Given information »
*** Block opens ***
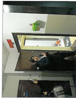
房号及房屋入口现状
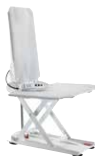
Aquatec Orca XL Mit absenkbarer Rückenlehne. Badewannenlifter mit besonders hoher Belastbarkeit: 170 kg!
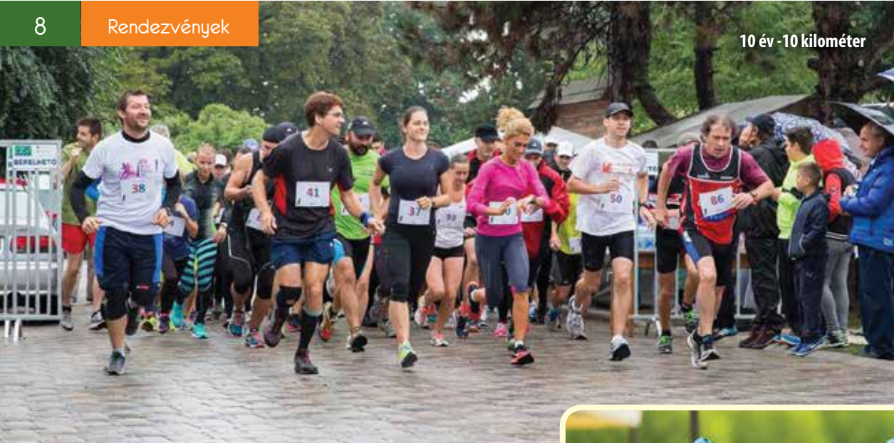
10 év - 10 kilométer
*** Block closes ***
Exercise brief »
Repeat the material verbatim. Do not carry over any picture.

Written solution »
房号及房屋入口现状
Aquatec Orca XL Mit absenkbarer Rückenlehne. Badewannenlifter mit besonders hoher Belastbarkeit: 170 kg!
10 év - 10 kilométer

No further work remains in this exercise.